> _Required work_: Lines from the one containing "Retro Gold Christmas" through the final line of the data, restated word for word and free of pictures, make up the whole answer.
[Provided data Boundary: Start]
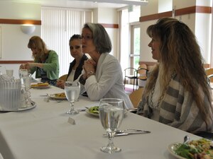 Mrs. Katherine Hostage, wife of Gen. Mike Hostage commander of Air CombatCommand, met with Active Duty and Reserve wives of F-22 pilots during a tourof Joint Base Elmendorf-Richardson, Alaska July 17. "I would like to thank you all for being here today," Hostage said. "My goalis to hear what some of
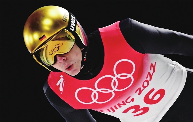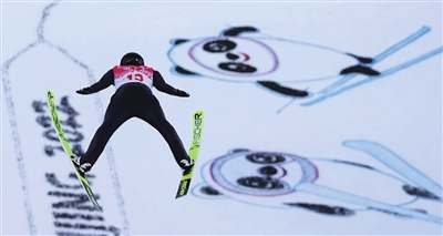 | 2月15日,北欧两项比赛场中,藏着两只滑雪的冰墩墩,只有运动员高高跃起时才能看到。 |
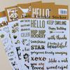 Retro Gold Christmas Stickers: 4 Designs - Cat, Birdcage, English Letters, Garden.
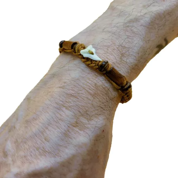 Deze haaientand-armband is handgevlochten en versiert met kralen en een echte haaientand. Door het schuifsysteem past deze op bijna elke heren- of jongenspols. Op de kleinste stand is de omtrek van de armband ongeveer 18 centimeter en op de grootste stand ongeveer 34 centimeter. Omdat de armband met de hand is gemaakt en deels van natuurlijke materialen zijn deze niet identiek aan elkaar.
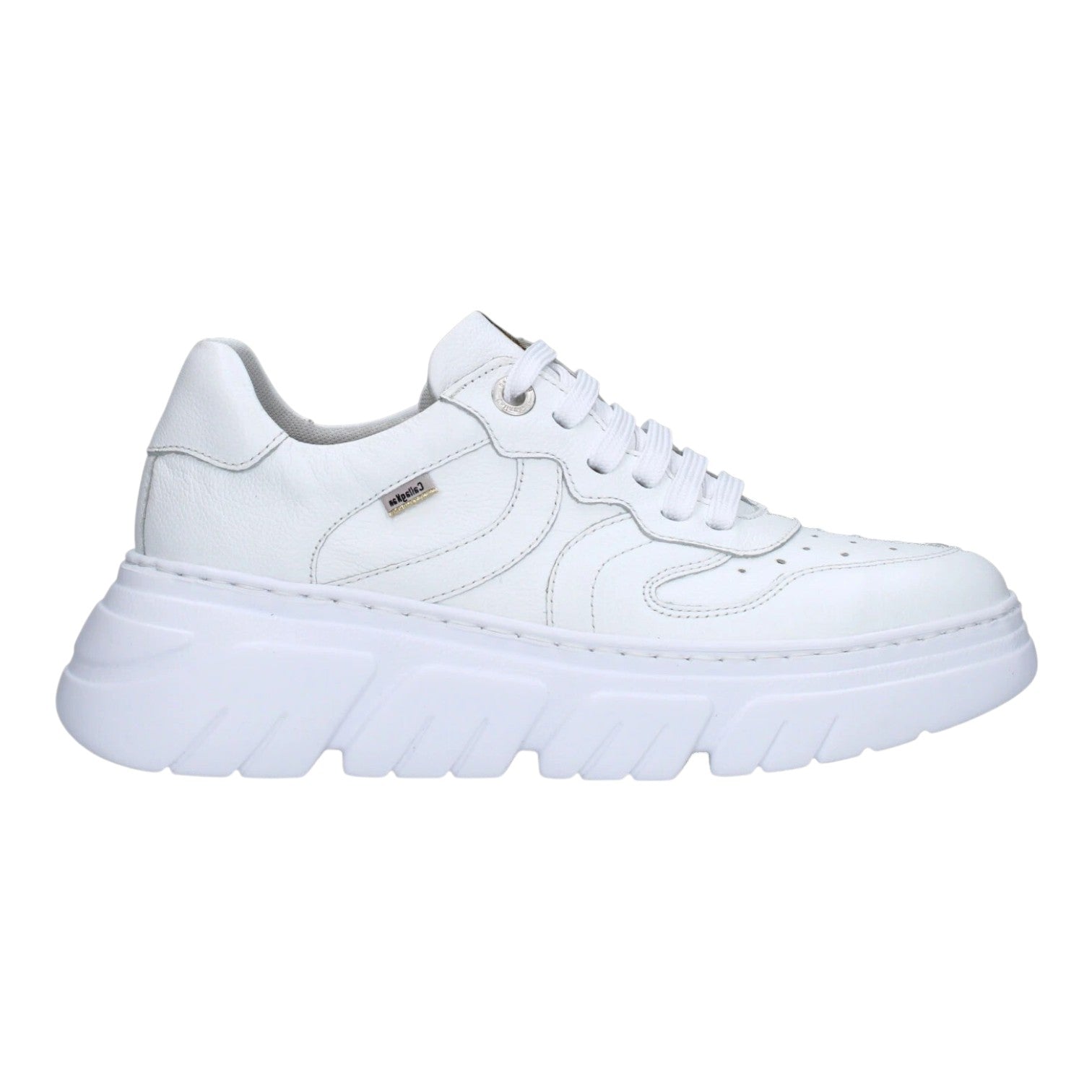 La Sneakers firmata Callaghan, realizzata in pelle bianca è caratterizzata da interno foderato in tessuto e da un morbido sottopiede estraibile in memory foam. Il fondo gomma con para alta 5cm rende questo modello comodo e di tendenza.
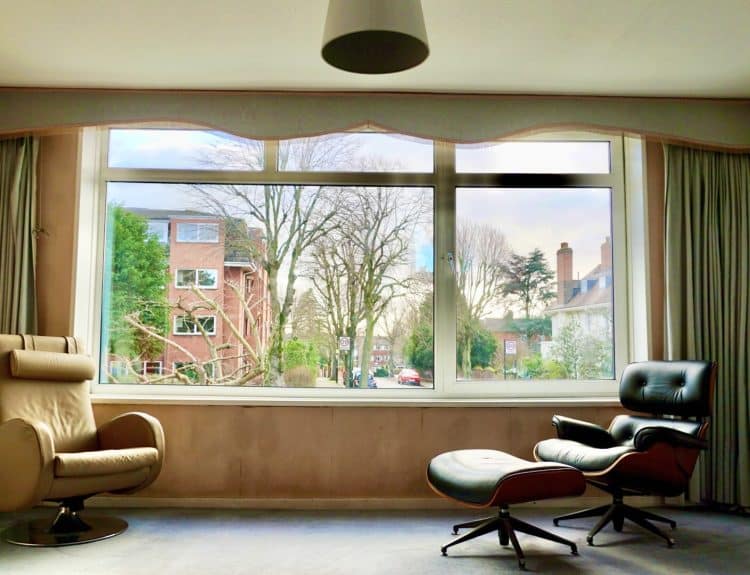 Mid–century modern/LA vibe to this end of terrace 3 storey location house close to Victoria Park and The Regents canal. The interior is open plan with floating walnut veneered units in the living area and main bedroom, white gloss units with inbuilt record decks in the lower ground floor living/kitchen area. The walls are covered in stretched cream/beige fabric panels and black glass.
[Provided data Boundary: End]
> _Solution to the problem_:
 Retro Gold Christmas Stickers: 4 Designs - Cat, Birdcage, English Letters, Garden.
 Deze haaientand-armband is handgevlochten en versiert met kralen en een echte haaientand. Door het schuifsysteem past deze op bijna elke heren- of jongenspols. Op de kleinste stand is de omtrek van de armband ongeveer 18 centimeter en op de grootste stand ongeveer 34 centimeter. Omdat de armband met de hand is gemaakt en deels van natuurlijke materialen zijn deze niet identiek aan elkaar.
 La Sneakers firmata Callaghan, realizzata in pelle bianca è caratterizzata da interno foderato in tessuto e da un morbido sottopiede estraibile in memory foam. Il fondo gomma con para alta 5cm rende questo modello comodo e di tendenza.
 Mid–century modern/LA vibe to this end of terrace 3 storey location house close to Victoria Park and The Regents canal. The interior is open plan with floating walnut veneered units in the living area and main bedroom, white gloss units with inbuilt record decks in the lower ground floor living/kitchen area. The walls are covered in stretched cream/beige fabric panels and black glass.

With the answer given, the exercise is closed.